◆ WORK TO COMPLETE
Find "Tiled flooring, three" in the material below, then write out that line and every line after it exactly, ending with the last one; skip the pictures.

◆ DATA
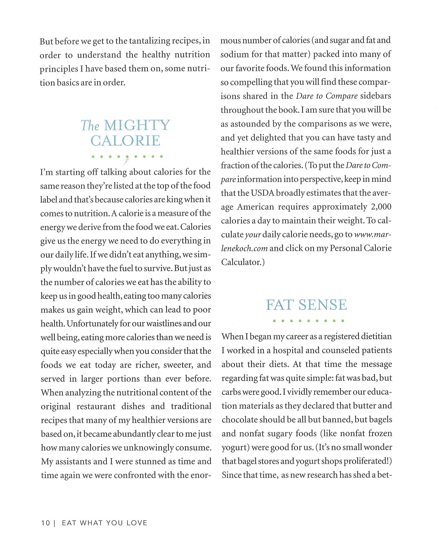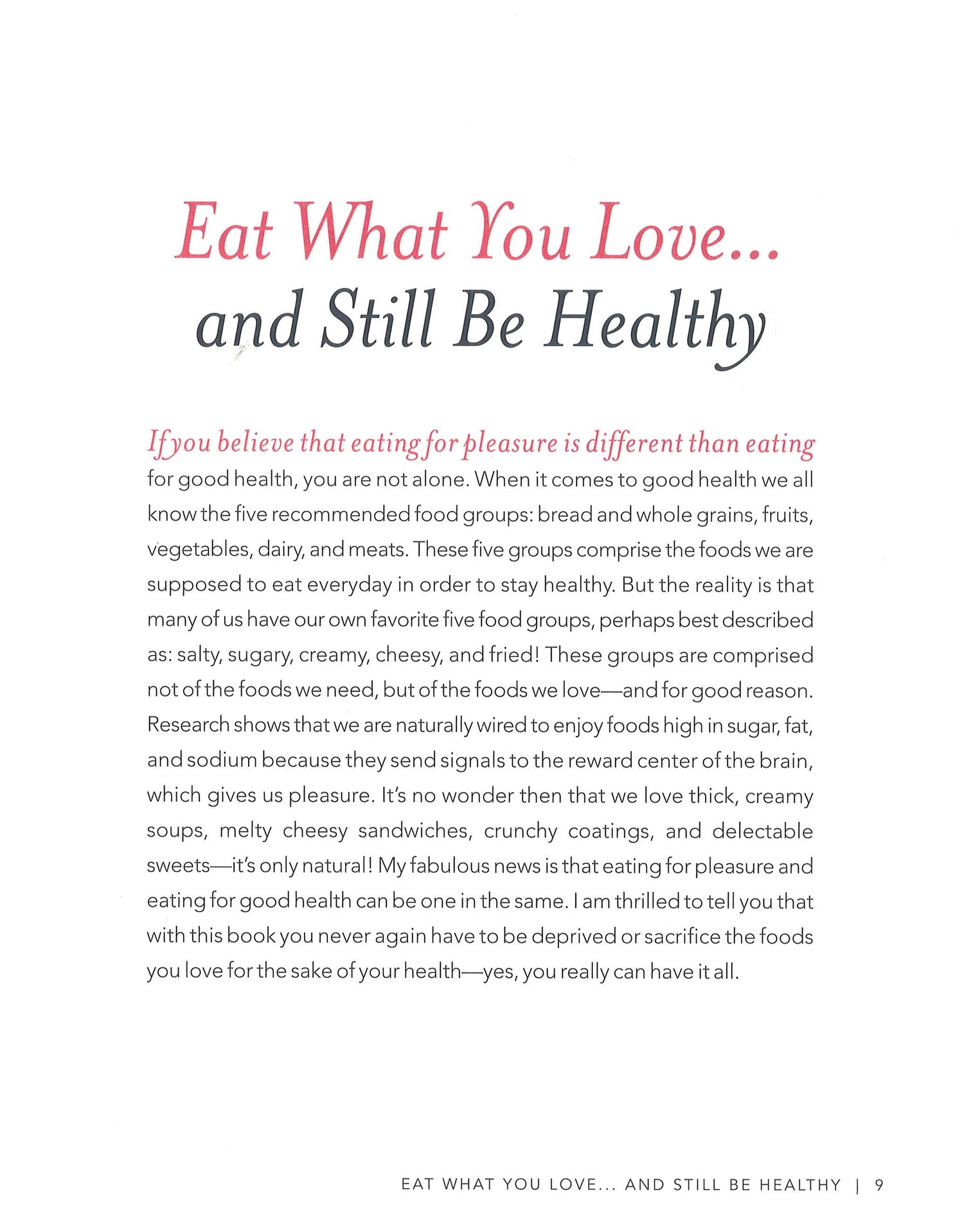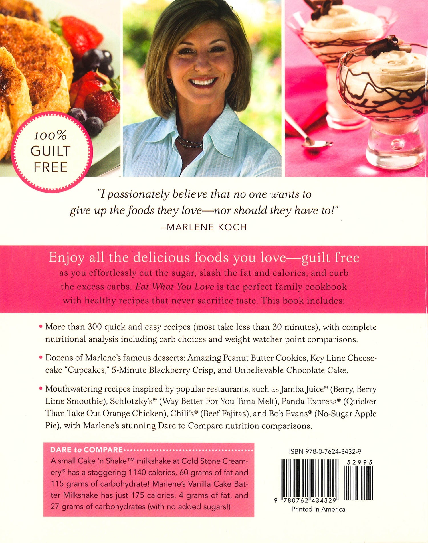 Marlene Koch's has been called a"magician in the kitchen" for her amazingly ability to make excess sugar, fat, and calories disappear, but never the taste ! In Eat What You Love she works her magic once again crafting incredible tasting guilt-free recipes for everyone's favourite foods -from luscious milkshakes and melty sandwiches, to creamy soups and crunchy"fried" foods- along with recipes for belly- filling breakfast dishes, sensational salads, perfect pastas, easy-fix entrees, savoury soups and sides, and of course lots of desserts! With over 300 super-satisfying recipes under 350 calories Eat What You Love takes guilt-free eating to the next level offering everything from comforting classics like Blue Ribbon Sour Cream Coffee Cake and Everyday Spaghetti and Italian Meatballs, to restaurant and fast-food favourites such as Quicker-Than-Take-Out Orange Chicken, and Chili's-Style Beef Fajitas, to dozens of 100% guilt-free sweet treats, such as 5-Minute Blackberry Crisp, Amazing Peanut Butter Cookies, Triple Chocolate Cheesecake Pie and Perfect White Cupcakes. Marlene passionately believes no one should have to give up the foods they love and her quick &lsquon'easy family friendly recipes are perfect for everyone (and every diet! ). Ideal for weight loss, diabetes, and simply utterly delicious healthy eating , Eat What You Love also features mouthwatering photos, cooking and shopping tips, meal planning guidelines, complete nutritional analysis (including diabetic exchanges, carb choices, and weight watchers point comparisons) , and" Dare to Compares" that reveal the astonishing savings: Dare to Compare : A small Cake &lsquon Shake milkshake at Cold Stone Creamery (R) packs 1140 calories, 60 grams of fat and the equivalent of over 25 teaspoons of sugar! Marlene's luscious Vanilla Cake Batter Milkshake has just 175 calories, 4 grams of fat and no added sugars!
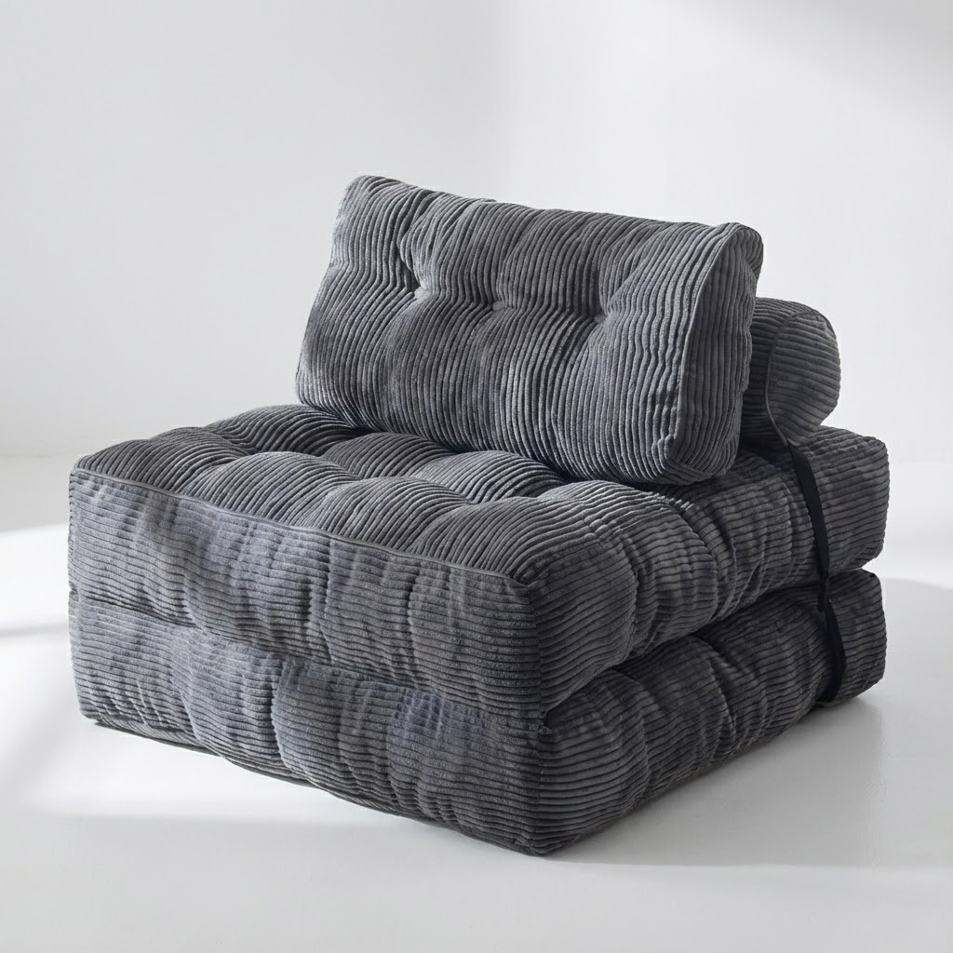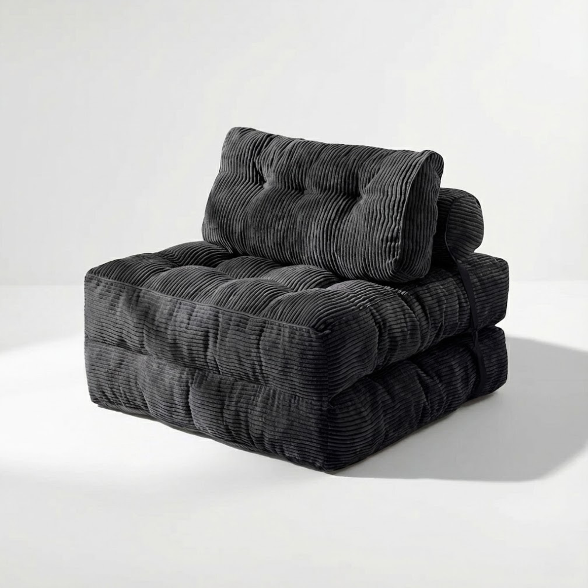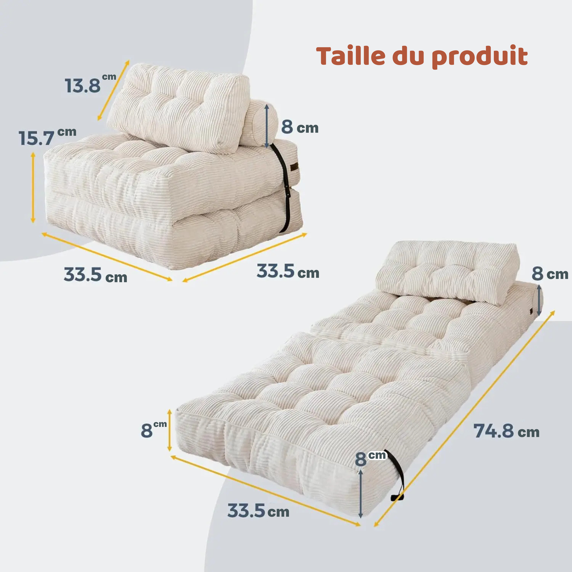 Nèven – Pouf convertible pliable en velours côtelé, canapé-lit compact et modulable
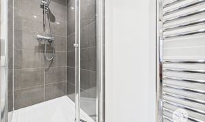 Tiled flooring, three piece in white comprising of wc, basin, shower enclosure with mains fed shower, tiled splashbacks, towel radiator
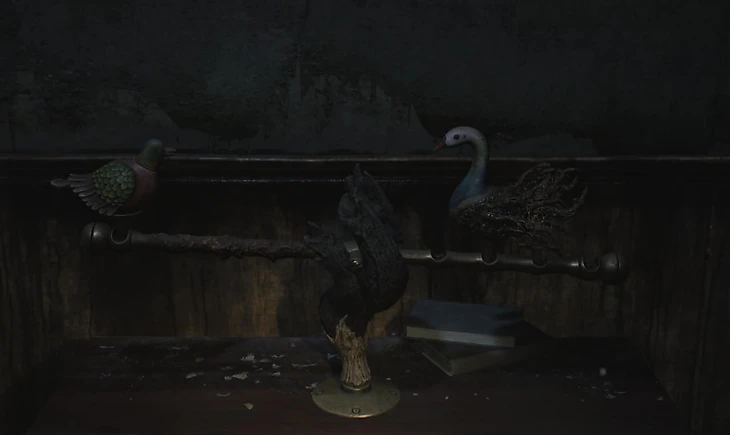 Разрушьте треснувшую часть стены и загляните в заполненный унитаз. Там найдете минутную стрелку. Возвращаясь в жилище, вы обнаружите, что за короткое время вашего отсутствия обстановка резко ухудшилась. На полке заметите сидящего голубя, а в помещение внезапно ворвется Лживая Фигура и нападет на вас. После ее уничтожения поместите голубя на насест.

◆ YOUR SOLUTION
 Tiled flooring, three piece in white comprising of wc, basin, shower enclosure with mains fed shower, tiled splashbacks, towel radiator
 Разрушьте треснувшую часть стены и загляните в заполненный унитаз. Там найдете минутную стрелку. Возвращаясь в жилище, вы обнаружите, что за короткое время вашего отсутствия обстановка резко ухудшилась. На полке заметите сидящего голубя, а в помещение внезапно ворвется Лживая Фигура и нападет на вас. После ее уничтожения поместите голубя на насест.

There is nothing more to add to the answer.